DETAILED DESCRIPTION OF THE EXEMPLARY EMBODIMENTS
[0026] FIG. 1 shows the major parts of a linear motor. A fixed
stator is annotated 10, while, in contrast, the secondary part of
the linear motor, which moves relative to it, is identified by 20.
The stator 10 and the secondary part 20 have winding sections a, b
and c which are connected in different combinations .+-.a, .+-.b
and .+-.c, where + and - denote the respective current flow
direction, to the phases L1, L2, L3 which are used as the supply
lines for the windings.
[0027] FIG. 2 shows the corresponding parts of a rotating
three-phase motor. A fixed stator is in this case annotated 10'
while, in contrast, the secondary part which moves relative to it
as the rotor is identified by 20'. The stator 10' and rotor 20'
once again have winding sections a, b and c, which are connected in
different combinations .+-.a, .+-.b and .+-.c, where + and - denote
the respective current flow direction, to the phases L1, L2, L3,
which are used as supply lines for the windings.

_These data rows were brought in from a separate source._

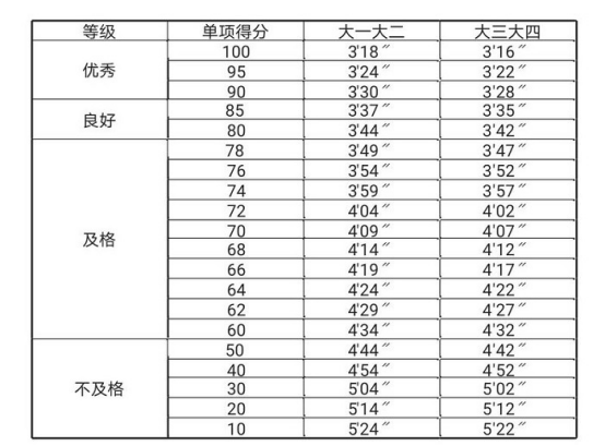 1.考试内容:(1)男子1000m、女子800m(评分标准详见表1、表2)。
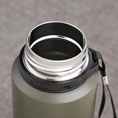 ONEISALL 1L/34 Oz Large Capacity Stainless Steel Thermos,Travel Coffee Mug&Sport Vacuum Flask,Insulation Water Bottle for Outdoor Sport Camping Traveling,Keep Hot&Cold Beverage Bottle(Army Green)
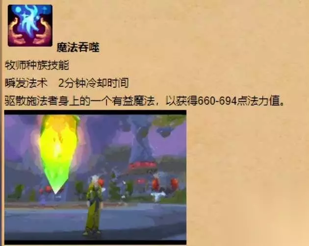 魔法吞噬:牧师种族技能,瞬发法术,2分钟冷却时间,驱散施法者身上的一个有益魔法,获得660到694点法力值。
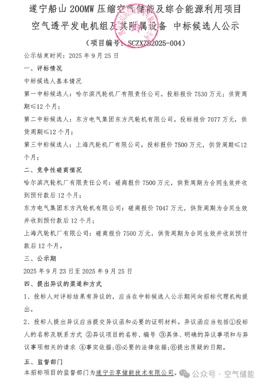 遂寧船山200MW壓縮空氣儲能及綜合能源利用項目空氣透平發(fā)電機組及其附屬設備采購中標候選人公示
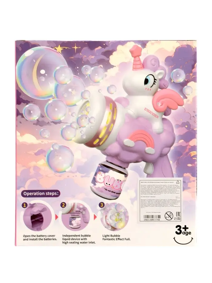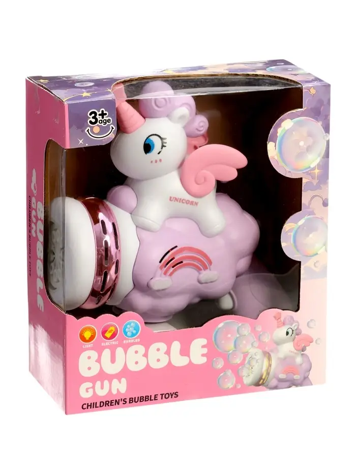 Генератор мыльных пузырей "Единорог на облачке", световые эффекты, работает от батареек
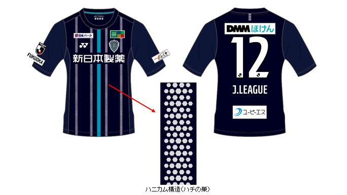 福冈黄蜂全新主客场球衣分别以海军蓝色与银灰色为主色,位于球衣正中的天蓝色竖条纹代表球队即将开启的新赛季征程,同时也象征球队在场上无法被撼动的坚强意志。天蓝色竖条纹两侧各加入两条由六边形蜂窝所组成的竖条纹,分别代表俱乐部、球迷、赞助商以及福冈市民,以此展现球队希望与更多人建立深厚的联系,并成为植根于这座城市且受人喜爱的俱乐部。
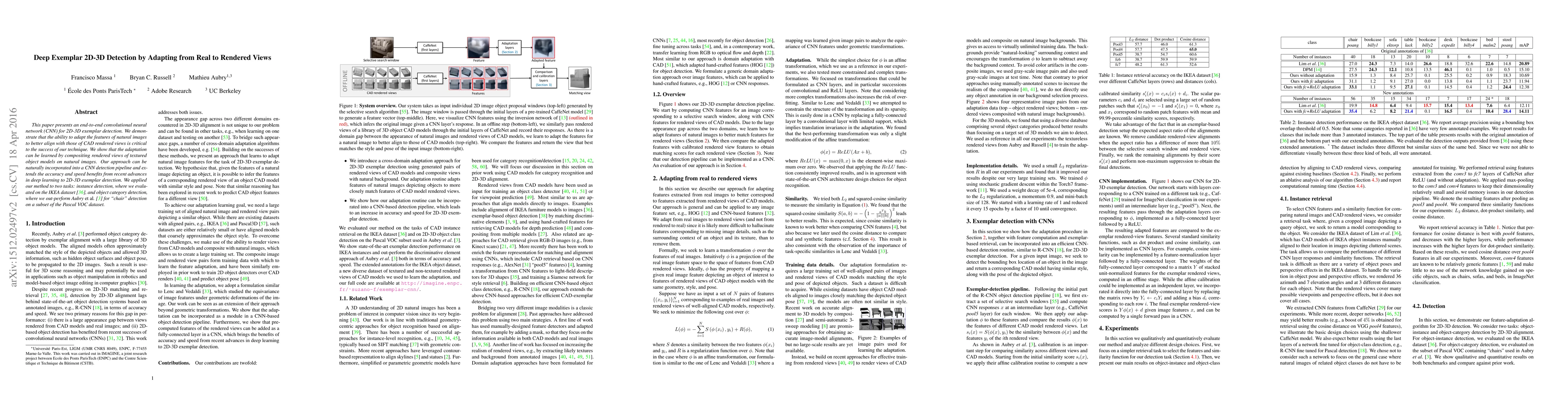This research paper introduces an end-to-end CNN for 2D-3D exemplar detection, emphasizing the importance of adapting natural image features to align with CAD rendered views. The method involves learning this adaptation through compositing rendered views onto natural images, enhancing the CNN detection pipeline for improved accuracy and speed. The technique was tested on instance detection in the IKEA dataset and outperformed existing methods for "chair" detection in a subset of the Pascal VOC dataset.
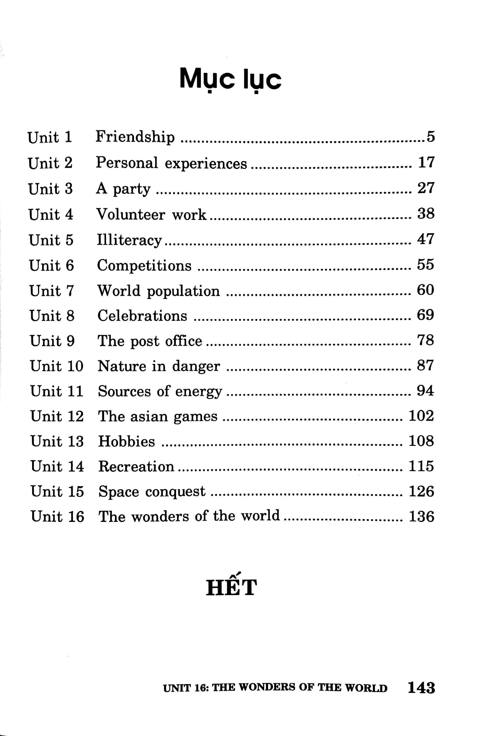 Mỗi đơn vị bài học gồm: Glossary (bảng từ vựng), Grammar (ngữ pháp), Sentence patterns (mẫu câu).
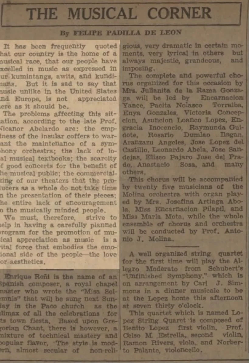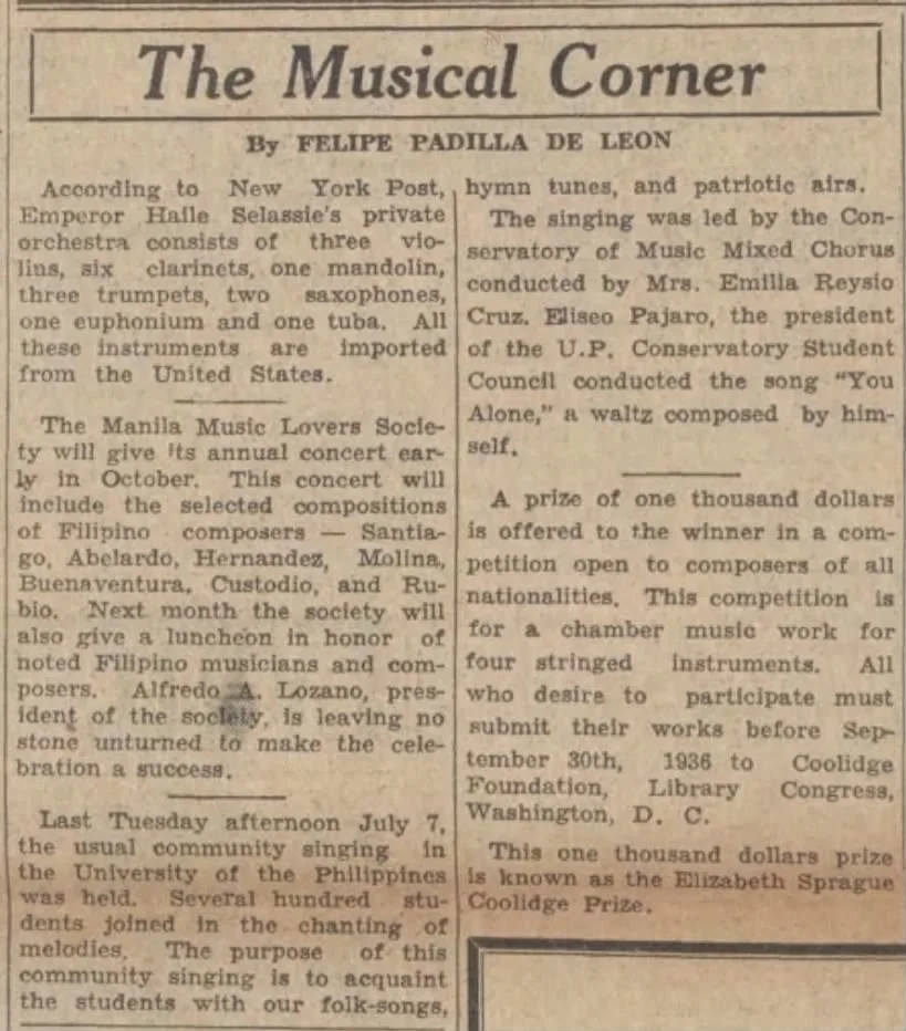 It should be noted that the composers most often recognized for formulating a national music identity (Francisco Santiago, Nicanor Abelardo, Antonino Buenaventura, and later Pajaro and Lucrecia Kasilag) were all graduates and faculty members of the UP Conservatory. Who, then, decided what “nationalist music” was? Was it the people, or the University of the Philippines? Was the hybrid of Western and indigenous music popular among the majority of Filipinos, or only those trained at the Conservatory? Answers to these questions are beyond the scope of this article, however, I mention these questions to be mindful of the histories that are told about Filipino music. One university tells the narrative of American-colonial Filipino music, even though they were far from being the only site for music making.
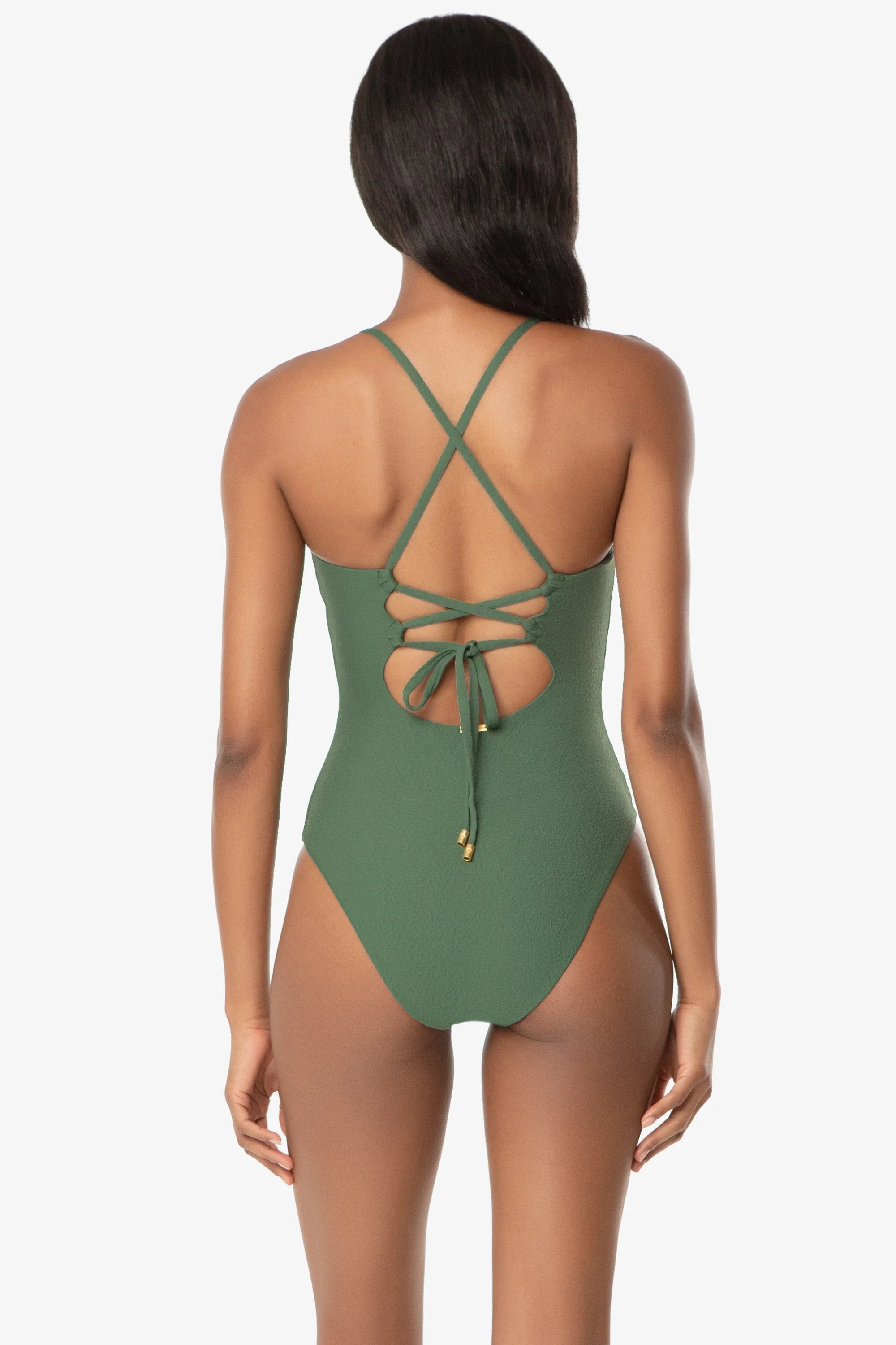 Inspired by chic ballet leotards, the ballet one-piece is the perfect compromise between stylish and modest. With sleek lines in the front and adjustable lace ties in the back, this swimsuit creates a beautiful silhouette that’s so flattering!
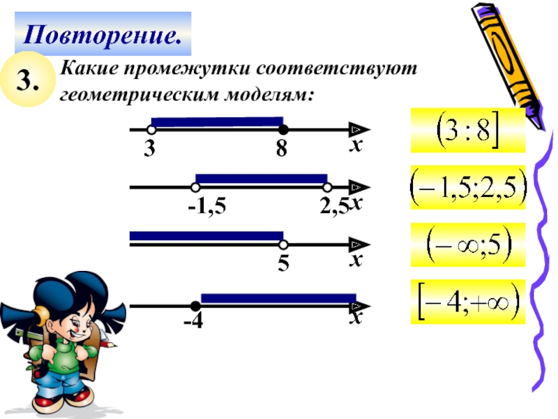 Повторение.3.Какие промежутки соответствуют геометрическим моделям:
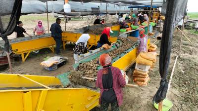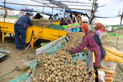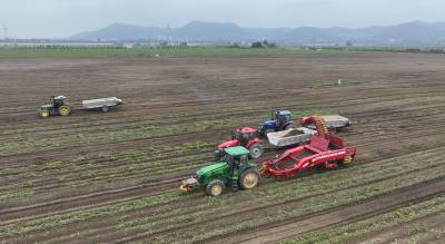 当天收获的是马铃薯新品“大西洋”,该品种具有抗旱性好、干物质高,淀粉含量低、适应性强、产量高、抗PLRV、休眠期短、加工后色泽好、耐储存还原糖低,抗疮痂病、感环腐病等优点。11月底种植,次年5月即可上市销售,单亩产值可突破5000元,是传统农业种植的5倍,具有很强的经济效益。
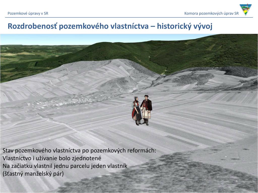 Pozemkové úpravy v SR Komora pozemkových úprav SR Rozdrobenosť pozemkového vlastníctva – historický vývoj Stav pozemkového vlastníctva po pozemkových reformách: Vlastníctvo i užívanie bolo zjednotené Na začiatku vlastnil jednu parcelu jeden vlastník (šťastný manželský pár)
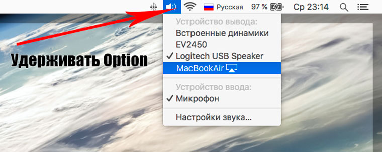 3. Зажми на клавиатуре клавишу Option (Alt) и щелкни по значку громкоговоритель. Откроется меню с выбором звуковых источников выхода. Выбери нужный и музыка начнет играть через него.
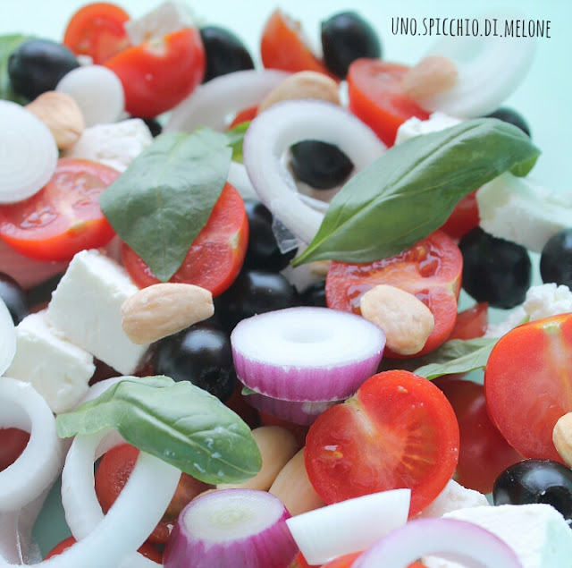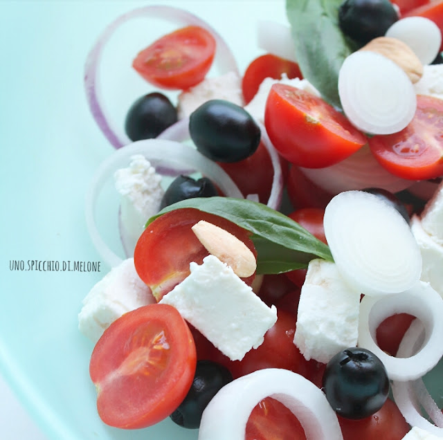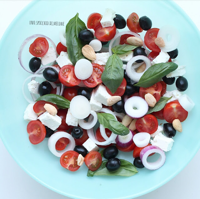 Questa insalata potrebbe essere vista come una sorta di versione numero 1578 della mitica INSALATA GRECA! Ahah! Infatti ci sono i pomodori, le olive nere, la feta e la cipolla.

[0028] In FIGS. 3 to 8, the windings for the stator 10 are
annotated 11 to 13, and those for the secondary part 20 are
annotated 21 to 23. A motor controller 30 is connected between the
power supply system feed with the phases L1, L2, L3 and the
windings 11 to 13.
[0029] FIG. 4 shows a corresponding situation, but with a harmonic
being used to supply the secondary part in this case. When used
correctly for a transport apparatus with moving vehicles 50, 50' .
. . 50.sup.n', the stator 10 is part of a track or rail system,
which is not illustrated in the drawing, and the secondary part 20
is part of a single vehicle 50. The individual vehicles 50, 50', .
. . 50.sup.n' are in this case physically identical.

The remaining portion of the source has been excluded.